В общем, Мишу этого мы ждали с нетерпением. Вскоре он и появился. Выглядел, надо сказать, он не очень-то “магически” — толстенький, красненький, плешивенький, пузатенький, — типичный такой провинциальный дядька. Хлебороб, агроном. А может, сельский учитель. А может — райкомовский деятель, мелкий ответственный работник. Привез с собой коньяк, мы сели, он тут же захмелел. Ходил по комнате туда-сюда, стуча себя в грудь:
— Вот такой я человек, вот такой я сибиряк!
Оказалось, что он к тому же пишет стихи, которые он называл “стишата”, хочет издать свою книгу в Москве и псевдоним у него — Саянов.
— А вот Олеська у нас — поэт, — сказал Снегирев.
Он оживился:
— Люблю стишата!
И опять заходил по комнате:
— Вот такой я человек, вот такой я сибиряк, вот такой я поэт!
— Расслабился немного, пусть! Не надо никого осуждать, — сказала Татьяна, жена Снегирева. Потом обратилась к этому Мише насчет меня:
— У нее безумные бывают боли после операции аппендицита, может, вы ей поможете, а, Миша?
Он ответил какой-то прибауткой, но на следующий день мне сказал:
— Давай уговор — я тебе боли снимаю, а ты мне стишата мои подправишь, если рифма где не та или размер куда не туда… Лады?
Я согласилась: сколько же я подстрочников уже перерифмовала, вбила в размер, мне ли его стишата не одолеть? Взяла рукопись. Называлась она романтично, под стать Саянову, “Бирюзовые дали”.
А Миша поселился у Снегиревых, корни там пустил, купил дефицитный мебельный гарнитур “Тюльпан”, стульев десяток, поставил их по периметру комнаты, стал пациентов принимать. Обещал Снегиреву открыть всякие секреты… Тот приходил поздно вечером к нам, рассказывал:
— Миша лечит на уровне воображения. Вводит человека в гипноидную фазу, заставляет вспомнить что-то неприятное, увиденное теперь в некоем образе — змеи ли, паука, жабы или еще чего, и поймать эту тварь. Вот так — лови ее, лови, бросай от себя. Вот она, покатилась, поползла, улетела, исчезла, нет ее, нет твоей болезни, ты здоров!
Но постепенно он стал на Мишу роптать:
— Я заметил — он деньги стал брать. И пациентов набирает больше, чем надо… Набивает их в комнату, как селедок в бочку. Это в нем алчность заговорила. Помяни мое слово — он скоро весь свой дар утратит. Но мне бы хоть успеть все у него вызнать — я бы тогда сам тебя от твоей боли вылечил. За так. А то тебе вон сколько работать надо на него — за исцеление.
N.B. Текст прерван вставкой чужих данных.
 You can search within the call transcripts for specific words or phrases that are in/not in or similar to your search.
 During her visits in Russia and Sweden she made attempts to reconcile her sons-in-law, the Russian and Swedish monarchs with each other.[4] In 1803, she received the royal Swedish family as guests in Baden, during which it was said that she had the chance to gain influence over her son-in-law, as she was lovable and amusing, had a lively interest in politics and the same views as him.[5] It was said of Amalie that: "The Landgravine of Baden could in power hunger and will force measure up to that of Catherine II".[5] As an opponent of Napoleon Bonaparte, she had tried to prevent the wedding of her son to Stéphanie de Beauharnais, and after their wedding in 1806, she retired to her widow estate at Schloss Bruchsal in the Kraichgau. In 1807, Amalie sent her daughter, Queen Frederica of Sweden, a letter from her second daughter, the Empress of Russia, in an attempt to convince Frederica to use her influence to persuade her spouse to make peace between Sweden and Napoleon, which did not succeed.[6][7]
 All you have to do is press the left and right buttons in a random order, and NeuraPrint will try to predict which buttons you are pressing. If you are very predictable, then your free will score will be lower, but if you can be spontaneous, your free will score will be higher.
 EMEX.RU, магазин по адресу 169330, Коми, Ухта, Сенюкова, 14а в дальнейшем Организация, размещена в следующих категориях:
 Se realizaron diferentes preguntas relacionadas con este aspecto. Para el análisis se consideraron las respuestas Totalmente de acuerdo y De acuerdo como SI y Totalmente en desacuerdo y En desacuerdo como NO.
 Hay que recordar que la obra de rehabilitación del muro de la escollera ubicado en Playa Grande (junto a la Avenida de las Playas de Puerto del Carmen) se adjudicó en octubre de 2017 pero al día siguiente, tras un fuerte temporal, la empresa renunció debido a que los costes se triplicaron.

Миша мне сказал — как только ты мне стишата выправишь, тут же я тебе и боль изгоню. А у него рукопись огромная — страниц двести. И потом — что ее правь, что не правь, — все равно, извиняюсь, дрянь получится. Надо просто все заново написать, и все. Воспользоваться его текстом как “рыбой”. Но это невозможно, потому что, как оказалось, он очень дорожил своими “находками”. Так и говорил: “Там много свежих находок” или “Ты уж мои находки там не трогай”. Поэта Саянова бирюзовые дали… Свободы не дал мне никакой. И я стала бояться, что если буду так невольнически свой дар эксплуатировать, то он пропадет. Хрупкий он, трепещет под ветром, вот-вот порвется, понесет мой челн неизвестно куда, на черные пиратские скалы, беда, барин, буран!
А Генка меня все подбадривает:
— Ничего, перейму я от него эту науку, сам тебя вылечу, а стишата свои пусть он сам расхлебывает… Плохо только, что он секреты от меня свои лекарские что-то стал утаивать. Так, какую-то ерунду покажет, а насчет главного — темнит.
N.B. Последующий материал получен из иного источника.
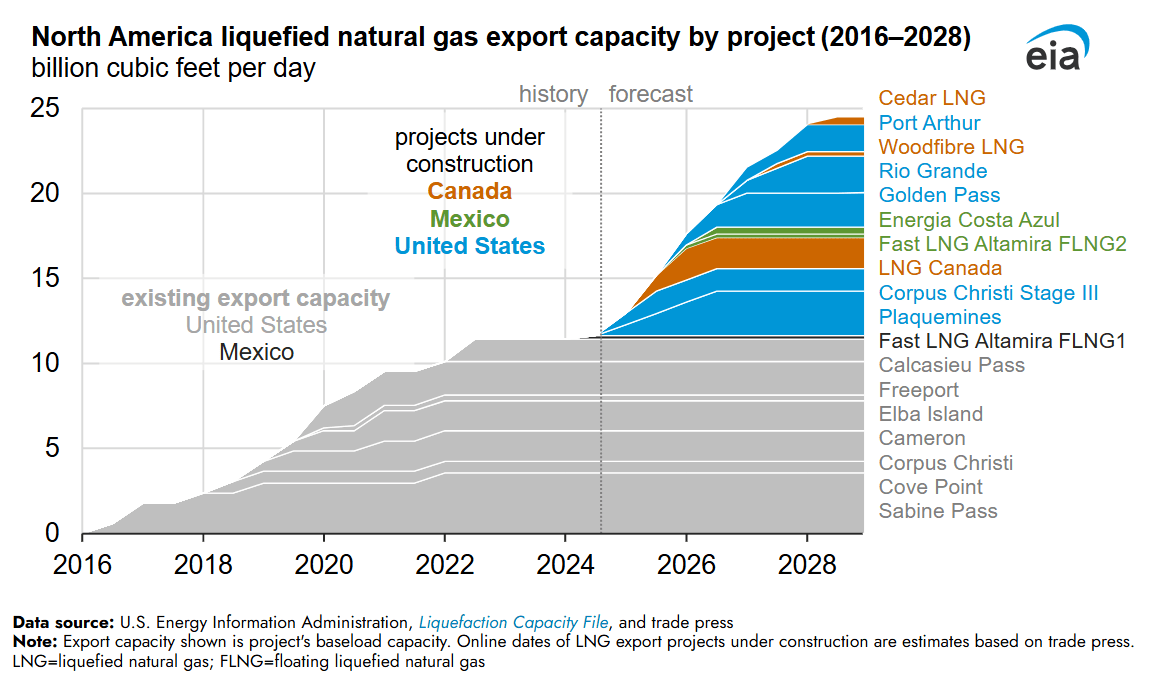Market forces are creating upward pressure on natural gas fuel prices are also rising just as turbine prices peak. The U.S. Energy Information Administration expects North American —including three Canadian projects—liquefied natural gas (LNG) export capacity to double by 2028.
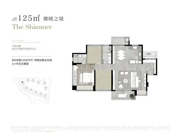 125㎡的 3 室 2 厅 2 卫是刚需向的入门户型
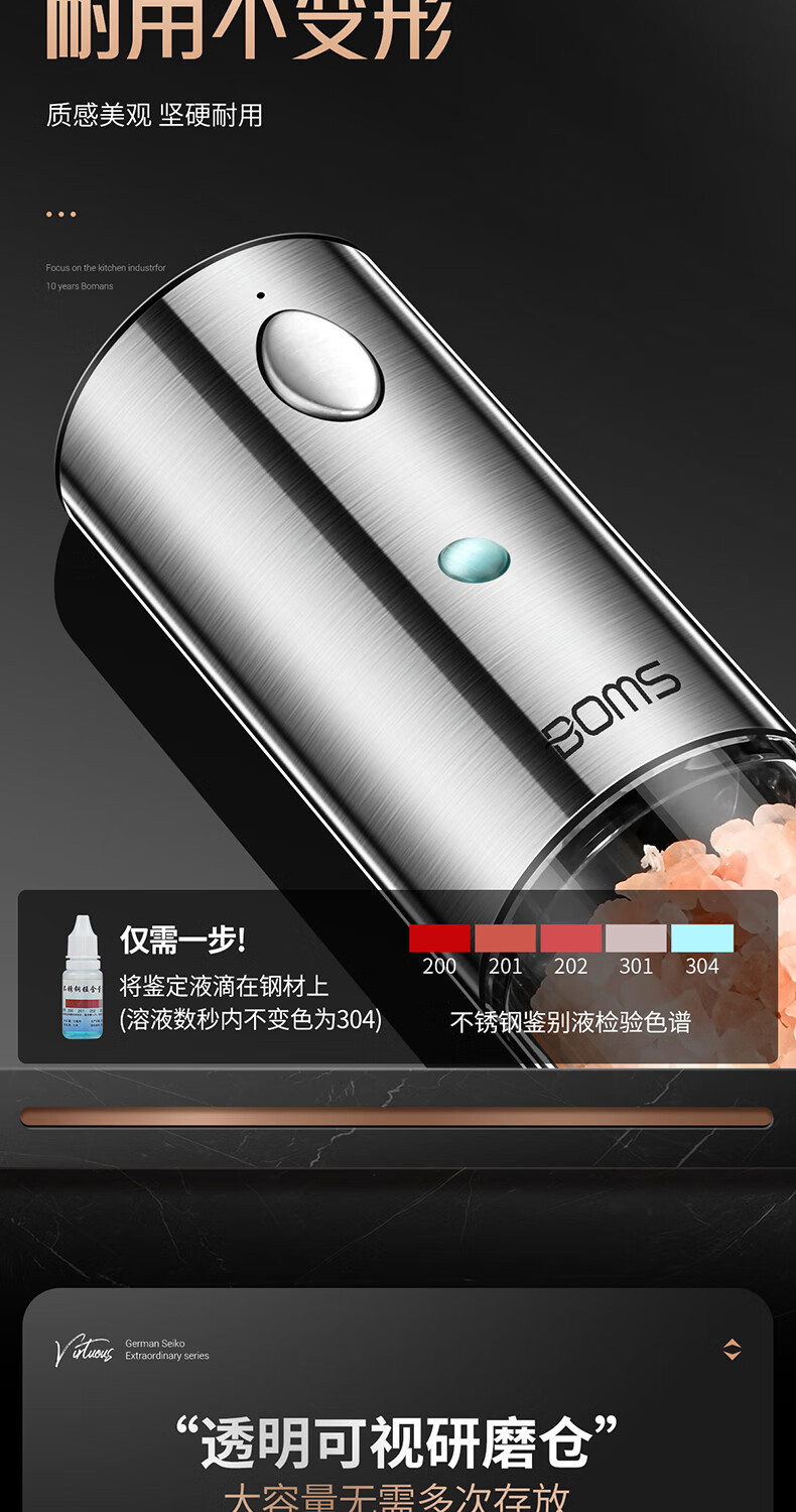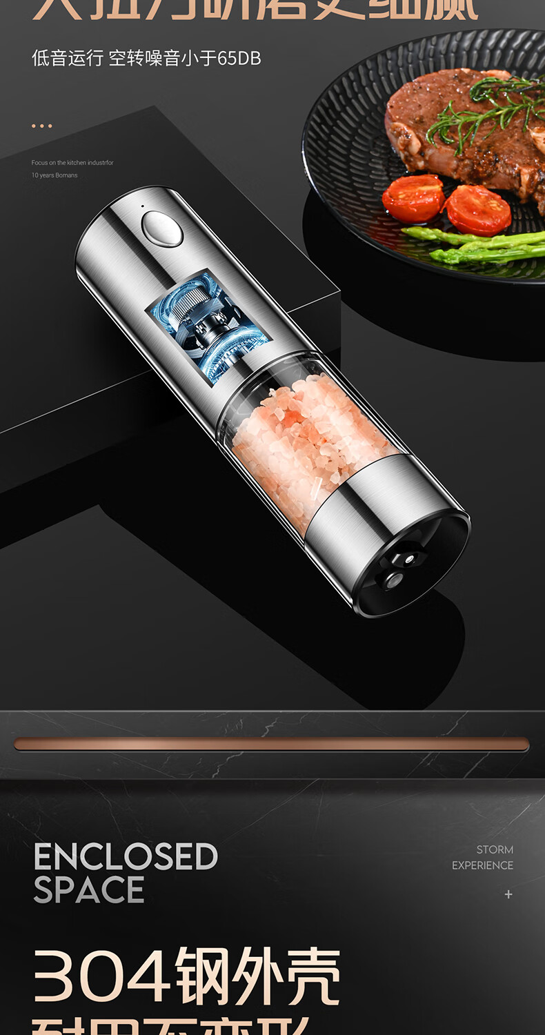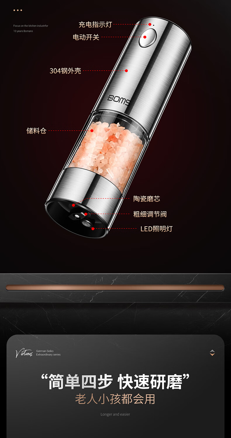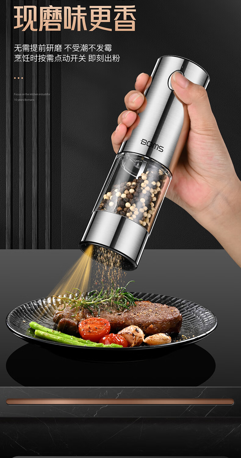 Bomans Electric Pepper Grinder Home External Adjustment Sichuan Pepper Sea Salt Electric Grinder Kitchen Pepper Grinding Bottle Jar Electric Grinder (Type-C Rechargeable Model)

Через несколько дней пришел, мрачный. Поглядел на часы, которые показывали одно и то же время, вздохнул:
— Тоска. Миша на меня жутху нагоняет.
— Это как?
— Жутха и все. И вообще — пошел в разнос. Бедных он уже лечить не хочет — подавай ему богатых, жен и любовниц членов ЦК. Вот как. Но я ему сказал: ты свой дар потеряешь на этих цековских бабах! Ведь как сказано в Писании: даром получили — даром давайте. А он? Но я все равно кое-чему от него научился. У меня сегодня одна пациентка виноград собирала.
— Где, какой виноград?
— Она сидела у меня на кухне — дожидалась, когда он ее примет, а я привел ее в образный виноградник и говорю: поешь хоть винограда, освежись. Она и стала его собирать и в рот себе запихивать, прямо гроздьями совала… Но жутха от Миши так и прет, так и прет…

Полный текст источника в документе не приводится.